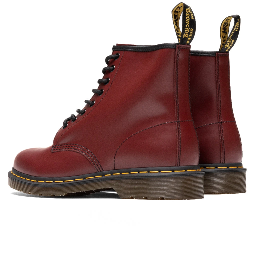 ’s 1460 Cherry Red Smooth for men. The complete leather base is accented with a chunky rubber sole. This adds a grunge punk look to what may seem like a normal boot. This piece of footwear has breathable insoles created by Doc’s team. Yellow stitching wraps around the boot – a signature piece to Dr. Martens.Â
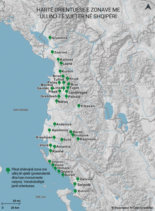 Hartë orientuese e zonave me ullinj të vjetër në Shqipëri. Pikat shënojnë zonat me ullinj të vjetër pretendentë dhe/ose monumente natyre. Vendndodhjet janë të përafërta.
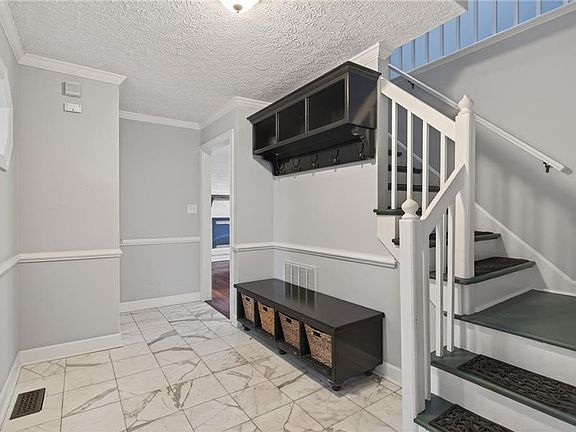 Stunning corner-lot home with fantastic features inside and out! Enter through a beautiful marble-floored foyer into a spacious layout ideal for modern living. The kitchen features abundant cabinetry, Corian counters, a granite-topped center island, and stainless steel appliances—perfect for cooking and entertaining. Enjoy meals in the elegant formal dining room with chair rail and a modern chandelier. Relax in the living room or the separate den with a cozy fireplace. The primary suite offers laminate flooring, a walk-in closet with built-in organizers, and a private en-suite bath. Additional highlights include a whole house fan, walk-in attic, and dual sinks in the hall bath. Outside, enjoy a fully fenced backyard with multi-level decking, a playset, and storage shed. The 2-car garage adds convenience to this well-appointed home. A must-see!
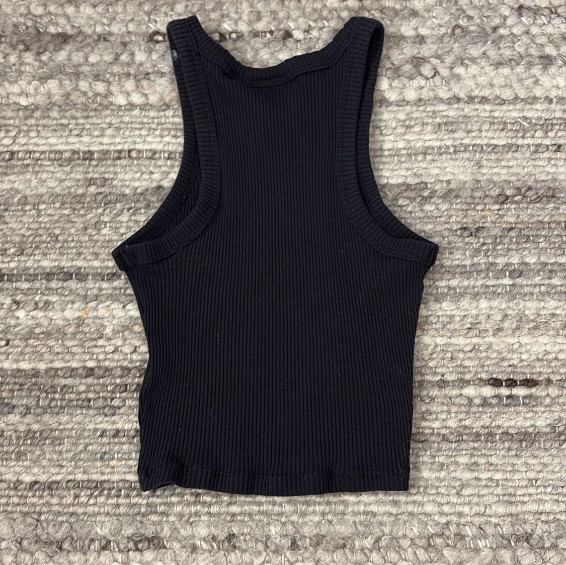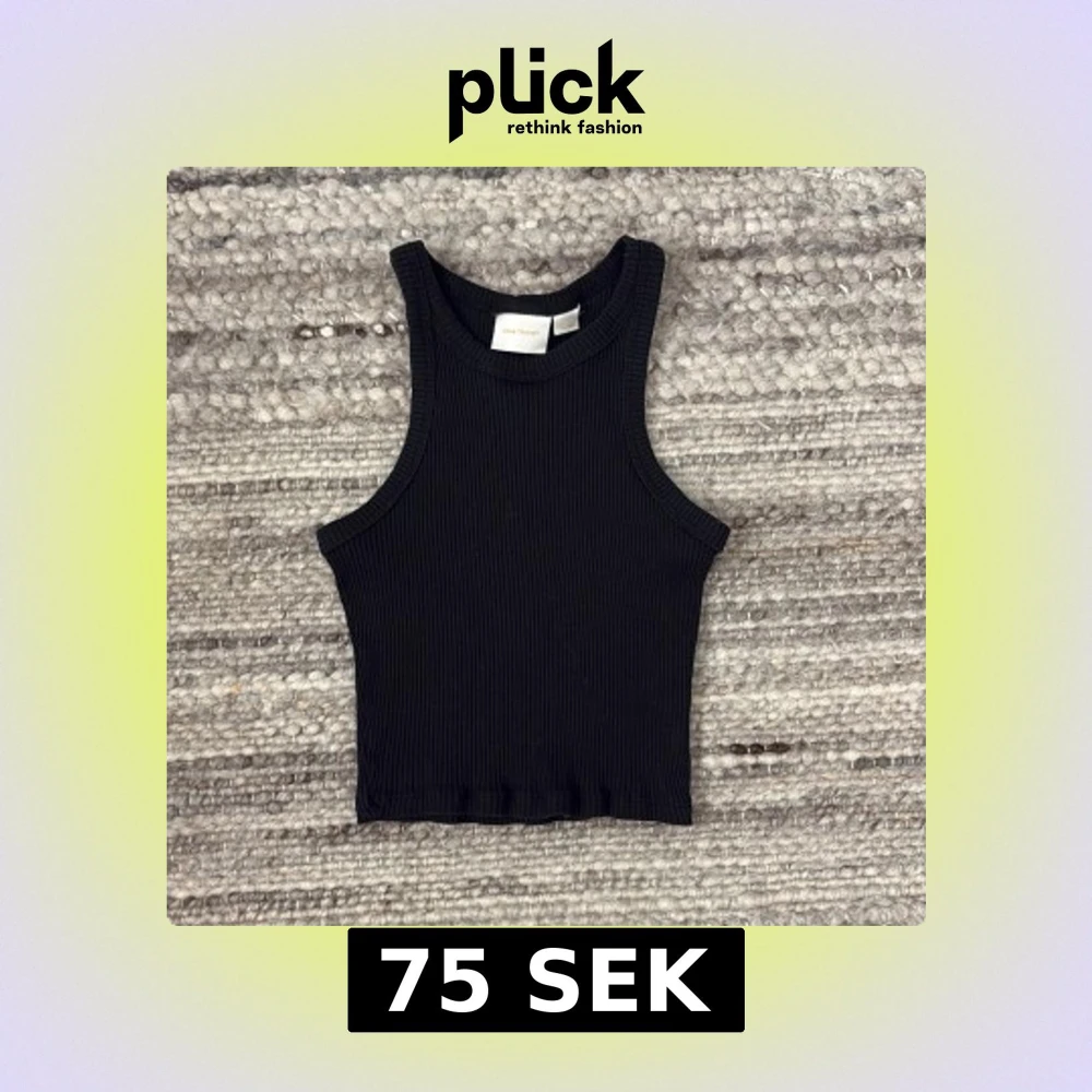Säljer en stilren svart ribbad linnetopp från Gina Tricot. Toppen har en enkel design med rund hals och ärmlös stil, perfekt för en avslappnad. 🖤

**EXERCISE DETAILS:**
It would help to have the listing above repeated exactly, with all images removed.

**TASK ANSWER:**
 ’s 1460 Cherry Red Smooth for men. The complete leather base is accented with a chunky rubber sole. This adds a grunge punk look to what may seem like a normal boot. This piece of footwear has breathable insoles created by Doc’s team. Yellow stitching wraps around the boot – a signature piece to Dr. Martens.Â
 Hartë orientuese e zonave me ullinj të vjetër në Shqipëri. Pikat shënojnë zonat me ullinj të vjetër pretendentë dhe/ose monumente natyre. Vendndodhjet janë të përafërta.
 Stunning corner-lot home with fantastic features inside and out! Enter through a beautiful marble-floored foyer into a spacious layout ideal for modern living. The kitchen features abundant cabinetry, Corian counters, a granite-topped center island, and stainless steel appliances—perfect for cooking and entertaining. Enjoy meals in the elegant formal dining room with chair rail and a modern chandelier. Relax in the living room or the separate den with a cozy fireplace. The primary suite offers laminate flooring, a walk-in closet with built-in organizers, and a private en-suite bath. Additional highlights include a whole house fan, walk-in attic, and dual sinks in the hall bath. Outside, enjoy a fully fenced backyard with multi-level decking, a playset, and storage shed. The 2-car garage adds convenience to this well-appointed home. A must-see!
Säljer en stilren svart ribbad linnetopp från Gina Tricot. Toppen har en enkel design med rund hals och ärmlös stil, perfekt för en avslappnad. 🖤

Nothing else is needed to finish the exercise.